[Data entries]
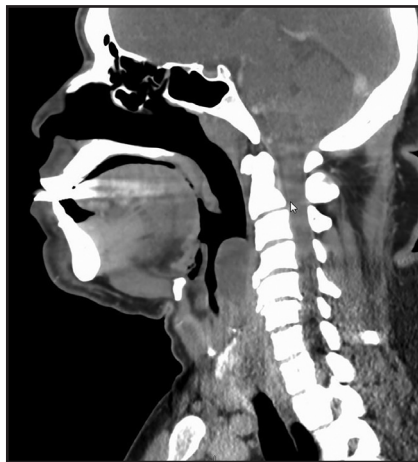
FIGURE 2. Sagittal CT image shows a low-attenuation mass anterior to the cervical vertebrae, causing significant narrowing of the airway.
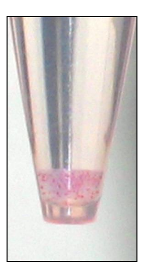
Figure 1: Rhotekin-RBD Beads in Color

Rhotekin RBD Agarose beads, in color, are easy to visualize, minimizing potential loss during washes and aspirations of Rho-GTP pulldown (Figure 1).
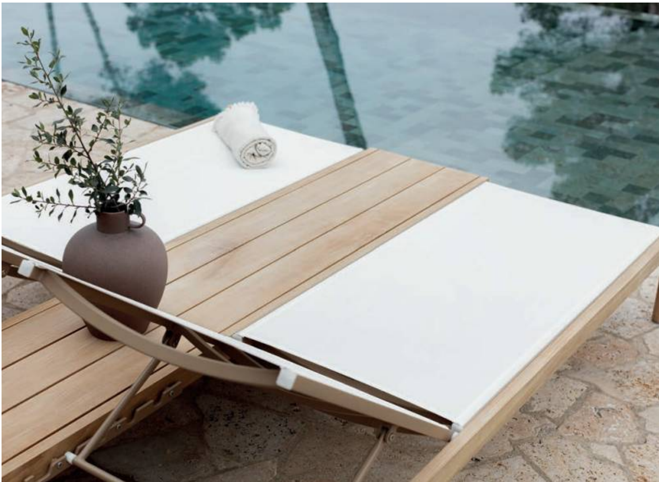
KRABI COLLECTION | LOUNGERS
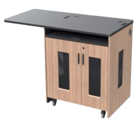
PD51 with 5101TP-L Top
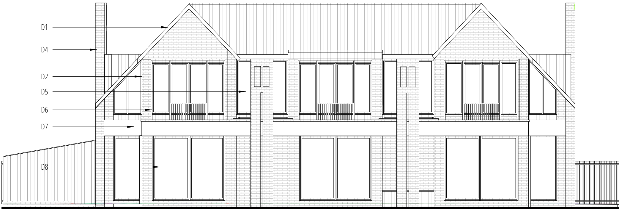
02 PROPOSED REAR ELEVATION 1:200 @ A3
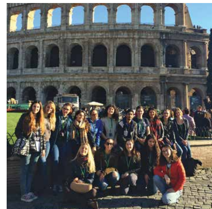
The Coliseum, Rome

In addition to the requirements for your major, you will be required to minor in a globally-focused field of study.
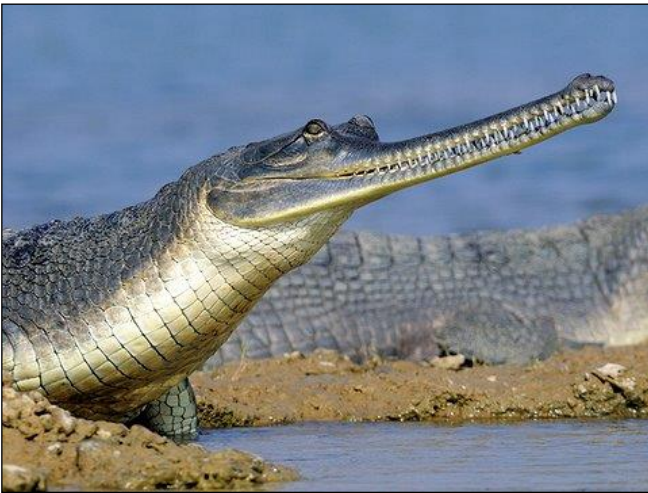
Gharial by Rich Lindie

endangered Indian Skimmer, one of our main reasons for visiting this reliable site, can often be found on islands in the river together with Black-bellied and River Terns. During our boat trip, we will do a lot of scanning and this could turn up other exciting species in the form of Black Stork, Red-naped Ibis, Small Pratincole, Long-legged Buzzard, Short-toed Snake Eagle, Bonelli's Eagle, River Lapwing, Great Stone-curlew, Sand Lark, Desert Wheatear, and possibly even Indian Eagle-Owl roosting on the small cliff faces. We will also be keeping a sharp eye out for one of the rarer inhabitants of this river, the unique Ganges River Dolphin that is confined largely to the Ganges and Brahmaputra Rivers and their tributaries. Another rare species we should encounter is the bizarre, long-snouted Gharial – one of the most localised and critically endangered crocodylians on the planet, together with Mugger Crocodile and Flap-shelled Turtle.
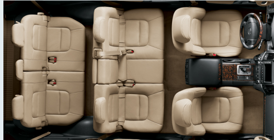
Land Cruiser interior shown in Sand Beige
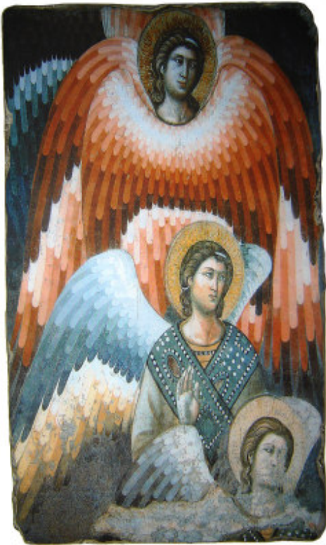
Judgement Angel 1
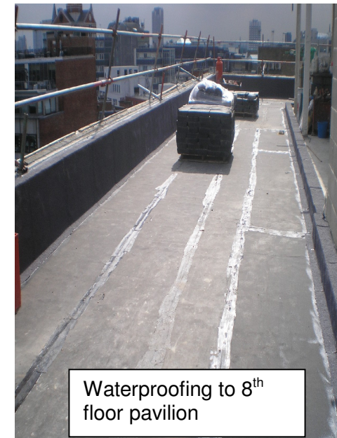
Waterproofing to 8 th floor pavilion

[Exercise objective]: Copy each line containing the word "will" from the data.

[Task result]:
In addition to the requirements for your major, you will be required to minor in a globally-focused field of study.
endangered Indian Skimmer, one of our main reasons for visiting this reliable site, can often be found on islands in the river together with Black-bellied and River Terns. During our boat trip, we will do a lot of scanning and this could turn up other exciting species in the form of Black Stork, Red-naped Ibis, Small Pratincole, Long-legged Buzzard, Short-toed Snake Eagle, Bonelli's Eagle, River Lapwing, Great Stone-curlew, Sand Lark, Desert Wheatear, and possibly even Indian Eagle-Owl roosting on the small cliff faces. We will also be keeping a sharp eye out for one of the rarer inhabitants of this river, the unique Ganges River Dolphin that is confined largely to the Ganges and Brahmaputra Rivers and their tributaries. Another rare species we should encounter is the bizarre, long-snouted Gharial – one of the most localised and critically endangered crocodylians on the planet, together with Mugger Crocodile and Flap-shelled Turtle.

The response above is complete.